What are Generative AI models?
TLDRKate Soule of IBM Research discusses the emergence of large language models or LLMs like chatGPT that are trained on massive amounts of data to generate text. She explains how LLMs can transfer learning to multiple tasks through tuning and prompting, leading to performance gains, but have disadvantages like high compute costs and trust issues. IBM is innovating to improve efficiency and reliability of LLMs for business uses across domains like language, vision, code, chemistry, and climate change.
Takeaways
- 😲Large language models like chatGPT are showing dramatic improvements in AI capabilities
- 📈Foundation models represent a new paradigm in AI where one model can perform many different tasks
- 🧠Foundation models are trained on huge amounts of unstructured data to develop strong generative capabilities
- 👍Key advantages of foundation models are high performance and productivity gains
- 💰High compute cost and trust issues are current disadvantages of foundation models
- 🔬IBM is researching ways to make foundation models more efficient, trustworthy and business-ready
- 🖼Foundation models are being developed for vision, code, chemistry and other domains beyond language
- 🤖IBM is productizing foundation models into offerings like Watson Assistant and Maximo Visual Inspection
- 🌍IBM is building foundation models for climate change research and other domains
- 📚There are links below to learn more about IBM's work on improving foundation models
Q & A
What are large language models (LLMs) and how are they impacting various fields?
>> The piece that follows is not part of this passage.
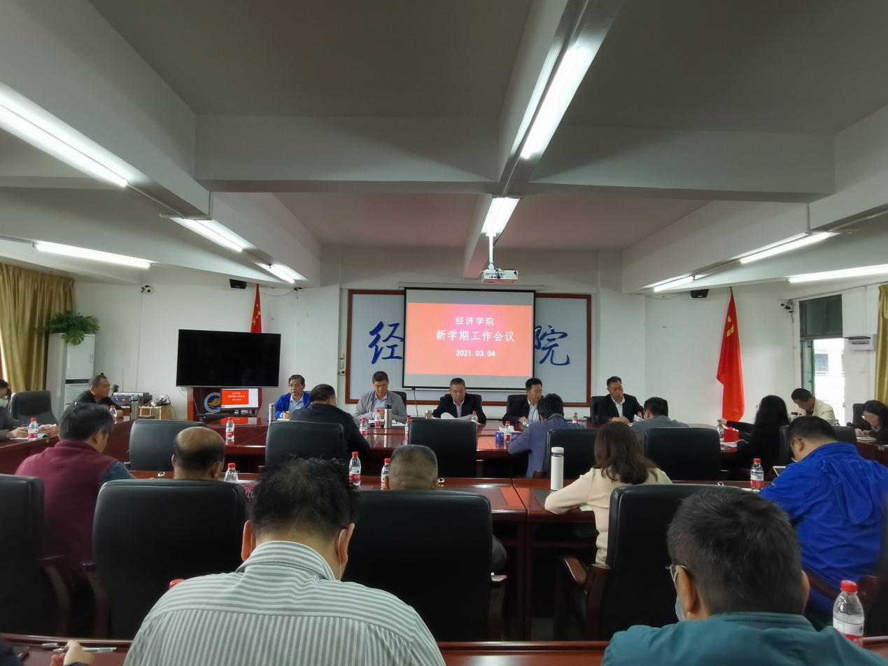 会议首先由杨新华副院长介绍了学院2020年度教学教研绩效考核结果的情况说明,指出了在创新创业教育、教研教改项目申报及管理和人才培养方案的执行等方面存在的问题,要求按分工原则将考核责任落实到人,切实提高绩效水平。随后对2021年度春季学期的教学教研工作进行了安排。副院长陈本良介绍了2020年度科学研究及学科建设方面的绩效考核情况,他认为,学科建设虽然有一点基础,但仍需要进一步提升学科层次,在全院科研方面急需要新的突破,随后对新学期学科建设和科学研究项目申报等方面的工作进行部署。副书记董萍对2020年度学生工作业绩绩效考核情况进行了说明,对就业创业工作、学生工作品牌化建设、学生工作理论研究水平等方面提出的要求。提出了扎实做好学生常态化疫情防控和思想政治教育、开展学风建设主题活动等十个方面的工作安排,强调本学期工作重点及工作计划。学院院长居占杰指出,为了进一步提高绩效水平,重点工作要一抓到底,抓出成效;同时要抓住新机遇、迎接新挑战,以永不懈怠的精神状态和一往无前的奋斗姿态,推动学院高质量发展;强调指出一定要坚持教学科研并重,取得教研科研标志性成果。还对学院新学期工作提出了十个方面的部署。学院党委肖文辉书记最后就如何进一步做好单位考核、疫情防控、基层党建等方面工作,提几点意见。简要介绍了全年要开展的五项党建重点工作:一是要紧扣建党 100 周年重大主线,开展全方位和全覆盖的系列主题宣传教育活动;二是聚焦接受省委巡视重大政治任务,认真配合学校党委接受省委政治巡视各项相关工作;三是深入实施党组织“对标争先”建设计划,全面加强具有经院特色的党建品牌建设;四是提升党建引领中心工作能力,推动学院改革发展不断实现新的跨越;五是坚持统筹发展和安全,严格落实意识形态工作责任制。

-Large language models (LLMs), like ChatGPT, are AI systems that have demonstrated significant capabilities in various tasks such as writing poetry or assisting in planning vacations. Their emergence represents a step change in AI performance and potential to drive enterprise value across different sectors.
Who introduced the term 'foundation models' and what was the reasoning behind it?
-The term 'foundation models' was first coined by a team from Stanford, recognizing a shift in AI towards a new paradigm where a single model could support multiple applications and tasks, moving away from the traditional approach of using different models for different specific tasks.
What distinguishes foundation models from other AI models?
-Foundation models are distinguished by their ability to be applied to a wide range of tasks without needing to be retrained from scratch for each new task. This versatility is due to their training on massive amounts of data in an unsupervised manner, allowing them to generate or predict outcomes based on the input they receive.
How do foundation models gain their generative capabilities?
-Foundation models gain their generative capabilities through training on vast amounts of unstructured data in an unsupervised manner. This training enables them to predict or generate the next word in a sentence, for example, based on the context provided by the preceding words.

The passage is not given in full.